PROVIDED ENTRIES below:
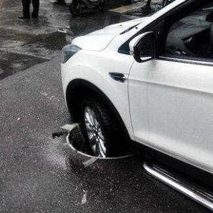 下水道井盖是在平常道路上常见的,一条路上可能有几十个井盖。但有些井盖被一些不法分子盗取了,留下一个赤裸裸的大坑。过往的车辆如果一时间没注意到压了过去,就会出现一个轮胎陷进去的情况,导致车头底部包围损坏。
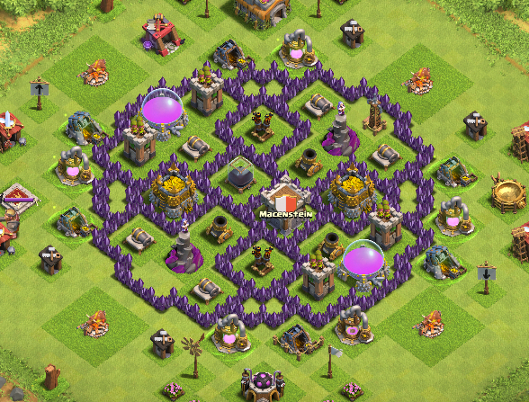 In my opinion the best TH7 base layout. Used it all during my TH7 and have to say goodbye as my TH finishes in one day. Never been three starred and never lost more than one gold storage. Truly fantastic layout.
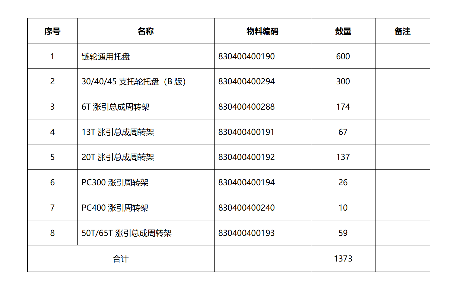5. 项目概况:履带涨引周转货架,共计8个品种,1373件,具体型号数量如下
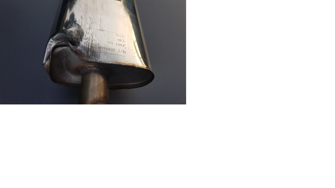 Allerdings hat die Anlage mal nen Aufsetzer gehabt, Der Endtopf ist an einer Stelle eingedrückt aber absolut dicht, Halterungen dabei !!!!
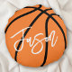Runda kuddar med en basket i svart och orange och ditt namn i vitt. Alla färg är anpassade i designen verktyg.
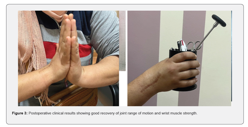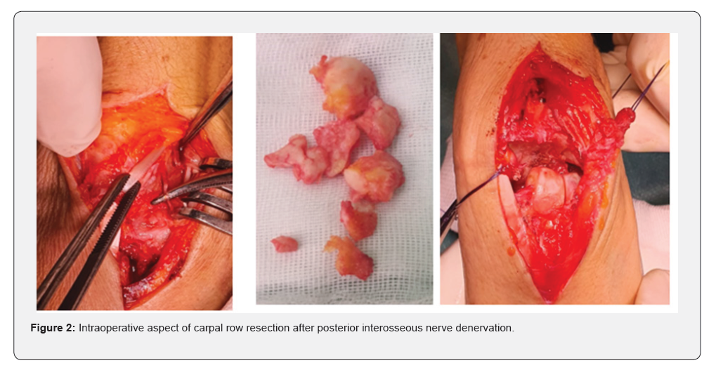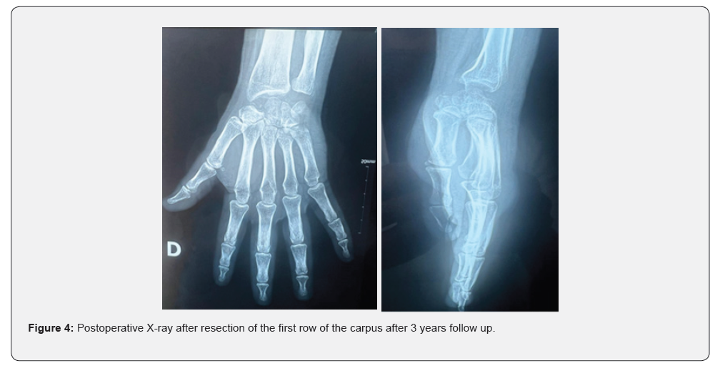 A radiological assessment consisting of a conventional wrist X-ray in both frontal and lateral views, as well as CT, was performed on all patients, allowing for classification of the patients at stage III and IV of Lichtman (Figure 1). All patients underwent the same surgical technique through a posterior approach. The procedure involved opening the retinaculum and denervation of the NIP (nervus interosseus profundus). A T-shaped arthrotomy was performed, followed by resection using a cold blade while preserving the anterior capsuloligamentous plane (Figure 2). Pain significantly decreased in all patients. The VAS score decreased from an average of 6.5 ± 1.2 before the procedure to 2.3 ± 1.1 at the last follow-up (p < 0.01). This pain reduction was consistently observed throughout the follow-up period. Range of motion (flexion/extension) also showed notable improvement. The average flexion/extension increased from 65° ± 10° preoperatively to 85° ± 8° postoperatively (p = 0.02). This improvement allowed the patients to regain satisfactory functional mobility (Figures 3 & 4). Grip strength significantly improved. It increased from 55% ± 8% of the strength of the healthy side to 72% ± 6% at the last follow-up (p = 0.03). The functional wrist score (DASH) decreased, reflecting an improvement in quality of life. The average score dropped from 32 ± 7 preoperatively to 14 ± 5 postoperatively (p < 0.01). No major complications were reported during the follow-up. One patient developed mild carpal osteoarthritis at 4 years postoperatively, but this did not require further intervention.
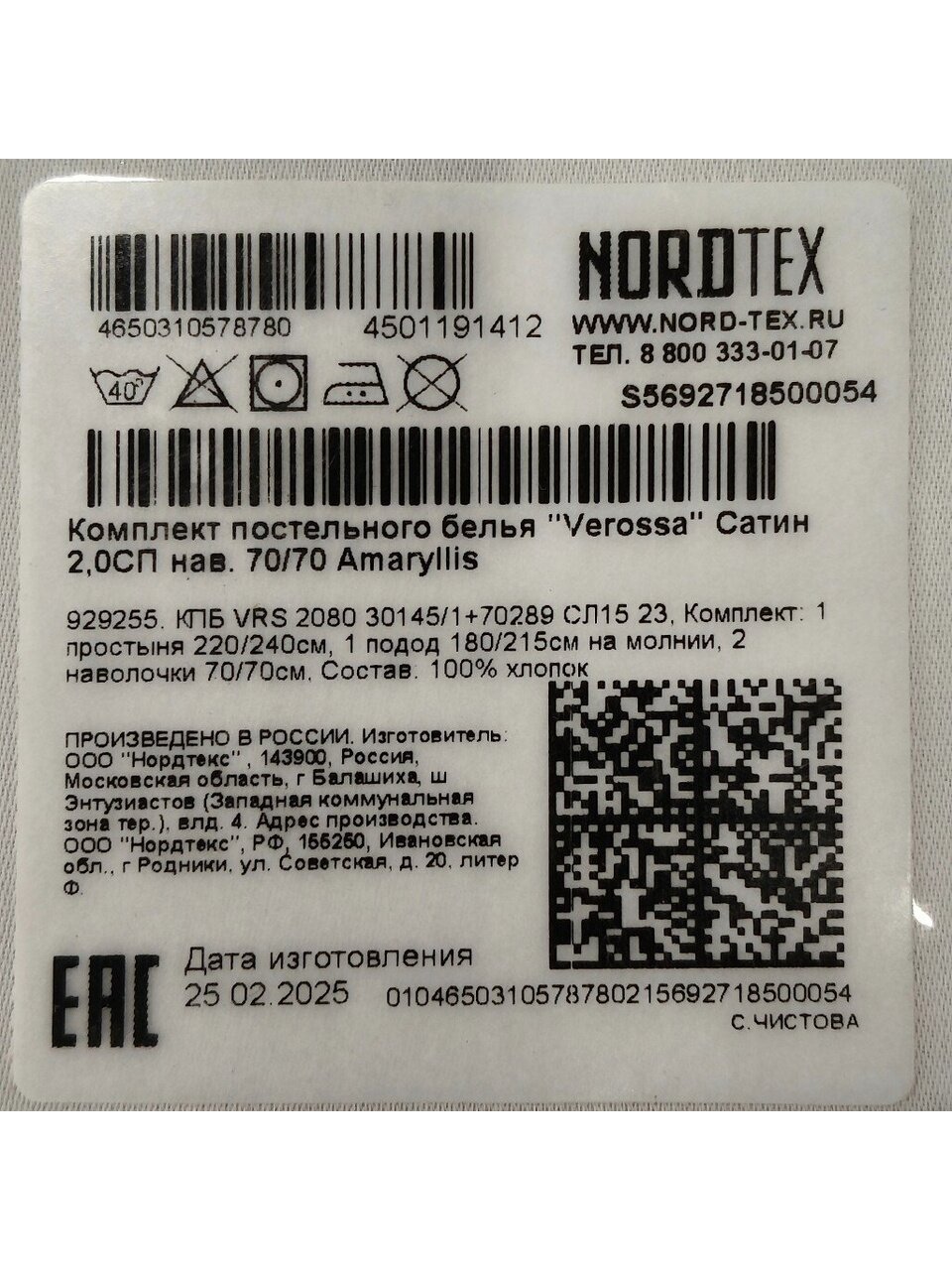 Постельное белье Verossa Amaryllis 2-спальное: сатин 100% хлопок, простыня 220х240, 2 наволочки 70х70, пододеяльник 180х215, подарочная упаковка — комфорт и стиль вашей спальни.
End of PROVIDED ENTRIES.
**WHAT YOU WILL DO**. Reprint all the data above verbatim, excluding pictures.

**SOLUTION**.
 下水道井盖是在平常道路上常见的,一条路上可能有几十个井盖。但有些井盖被一些不法分子盗取了,留下一个赤裸裸的大坑。过往的车辆如果一时间没注意到压了过去,就会出现一个轮胎陷进去的情况,导致车头底部包围损坏。
 In my opinion the best TH7 base layout. Used it all during my TH7 and have to say goodbye as my TH finishes in one day. Never been three starred and never lost more than one gold storage. Truly fantastic layout.
5. 项目概况:履带涨引周转货架,共计8个品种,1373件,具体型号数量如下
 Allerdings hat die Anlage mal nen Aufsetzer gehabt, Der Endtopf ist an einer Stelle eingedrückt aber absolut dicht, Halterungen dabei !!!!
Runda kuddar med en basket i svart och orange och ditt namn i vitt. Alla färg är anpassade i designen verktyg.
 A radiological assessment consisting of a conventional wrist X-ray in both frontal and lateral views, as well as CT, was performed on all patients, allowing for classification of the patients at stage III and IV of Lichtman (Figure 1). All patients underwent the same surgical technique through a posterior approach. The procedure involved opening the retinaculum and denervation of the NIP (nervus interosseus profundus). A T-shaped arthrotomy was performed, followed by resection using a cold blade while preserving the anterior capsuloligamentous plane (Figure 2). Pain significantly decreased in all patients. The VAS score decreased from an average of 6.5 ± 1.2 before the procedure to 2.3 ± 1.1 at the last follow-up (p < 0.01). This pain reduction was consistently observed throughout the follow-up period. Range of motion (flexion/extension) also showed notable improvement. The average flexion/extension increased from 65° ± 10° preoperatively to 85° ± 8° postoperatively (p = 0.02). This improvement allowed the patients to regain satisfactory functional mobility (Figures 3 & 4). Grip strength significantly improved. It increased from 55% ± 8% of the strength of the healthy side to 72% ± 6% at the last follow-up (p = 0.03). The functional wrist score (DASH) decreased, reflecting an improvement in quality of life. The average score dropped from 32 ± 7 preoperatively to 14 ± 5 postoperatively (p < 0.01). No major complications were reported during the follow-up. One patient developed mild carpal osteoarthritis at 4 years postoperatively, but this did not require further intervention.
 Постельное белье Verossa Amaryllis 2-спальное: сатин 100% хлопок, простыня 220х240, 2 наволочки 70х70, пододеяльник 180х215, подарочная упаковка — комфорт и стиль вашей спальни.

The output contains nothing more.